Statistical Foundations of Operator Learning


Nelsen, Nicholas Hao (2024) Statistical Foundations of Operator Learning. Dissertation (Ph.D.), California Institute of Technology. doi:10.7907/0246-7574.


This thesis studies operator learning from a statistical perspective. Operator learning uses observed data to estimate mappings between infinite-dimensional spaces. It does so at the conceptually continuum level, leading to discretization-independent machine learning methods when implemented in practice. Although this framework shows promise for physical model acceleration and discovery, the mathematical theory of operator learning lags behind its empirical success. Motivated by scientific computing and inverse problems where the available data are often scarce, this thesis develops scalable algorithms for operator learning and theoretical insights into their data efficiency.

The thesis begins by introducing a convergent operator learning algorithm that is implementable on a computer with controlled complexity. The method is based on linear combinations of function-valued random features, enjoys efficient training via convex optimization, and accurately approximates nonlinear solution operators of parametric partial differential equations. A statistical analysis derives state-of-the-art error bounds for the method and establishes its robustness to errors stemming from noisy observations and model misspecification. Next, the thesis tackles fundamental statistical questions about how problem structure, data quality, and prior information influence learning accuracy. Specializing to a linear setting, a sharp Bayesian nonparametric analysis shows that continuum linear operators, such as the integration or differentiation of spatially varying functions, are provably learnable from noisy input-output pairs. The theory reveals that smoothing operators are easier to learn than unbounded ones and that training with rough or high-frequency input data improves sample complexity. When only specific linear functionals of the operator’s output are the primary quantities of interest, the final part of the thesis proves that the smoothness of the functionals determines whether learning directly from these finite-dimensional observations carries a statistical advantage over plug-in estimators based on learning the entire operator. To validate the findings beyond linear problems, the thesis develops practical deep operator learning architectures for nonlinear mappings that send functions to vectors, or vice versa, and shows their corresponding universal approximation properties. Altogether, this thesis advances the reliability and efficiency of operator learning for continuum problems in the physical and data sciences.
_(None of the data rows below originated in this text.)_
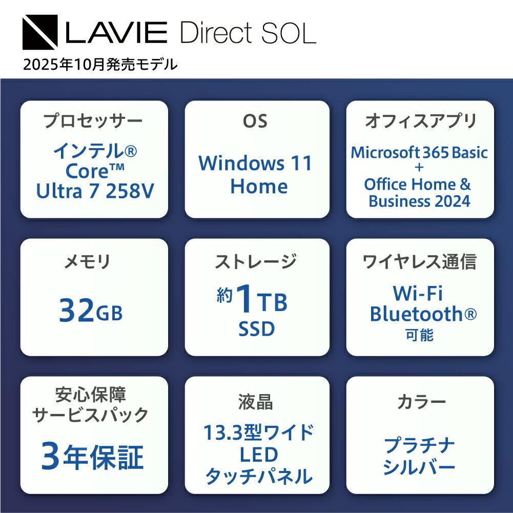- 【ふるさと納税】【新品】 ノートパソコン 2025年10月発売モデル NEC LAVIE Direct SOL① 13.3型ワイド インテル® Core™ Ultra 7 プロセッサー 258V Windows11 HOME 32GB メモリ 1TB SSD Microsoft office プラチナシルバー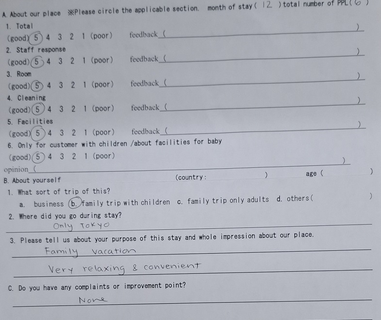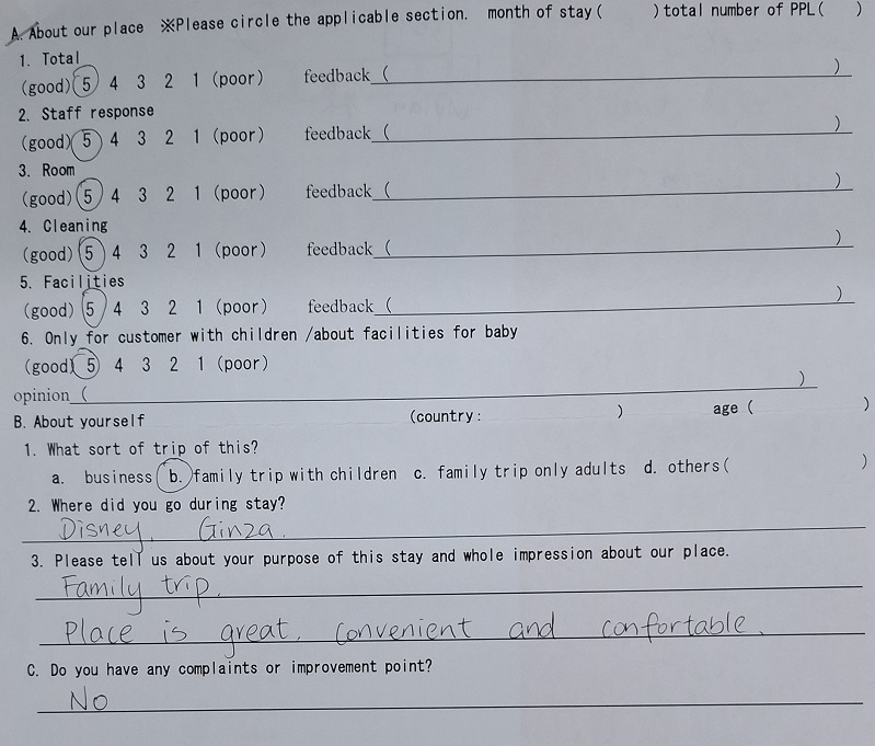 The room was perfect for our family of 4 adults and 2 kids. Spacious for being so close to the middle of Tokyo. Very clean. Lots of extras for kids with the baby equipment and toy closet in the lobby. Super helpful and friendly lobby staff. Great location, very walkable to subway, restaurants, and airport bus station.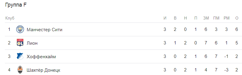 23 октября: Хоффенхайм - Лион - 3:3; Шахтер - Манчестер Сити - 0:3.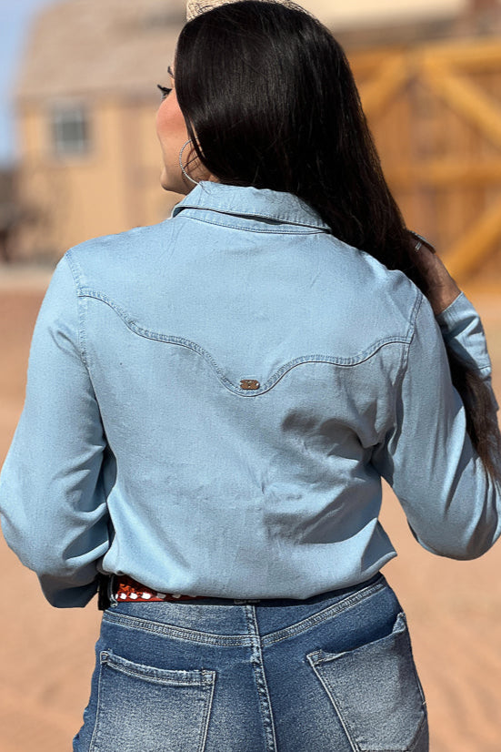 This light wash western pearl snap long sleeve is the perfect addition to your wardrobe. Made with plus size comfort in mind, its classic design and pearl snap buttons give it a stylish touch. Featuring a light wash, this shirt is versatile and can be dressed up or down for any occasion.

Subject Keywords:scientific machine learning; learning theory; numerical analysis; inverse problems; functional data analysis; Bayesian nonparametric statistics; sample complexity; random features; ridge regression; parameter-to-observable maps
Awards:The W.P. Carey and Co. Prize in Applied Mathematics, 2024. Centennial Prize for the Best Thesis in Mechanical and Civil Engineering, 2024. SIAM Review SIGEST Award (Ch. 2), 2024. NeurIPS Spotlight (Ch. 3), 2023.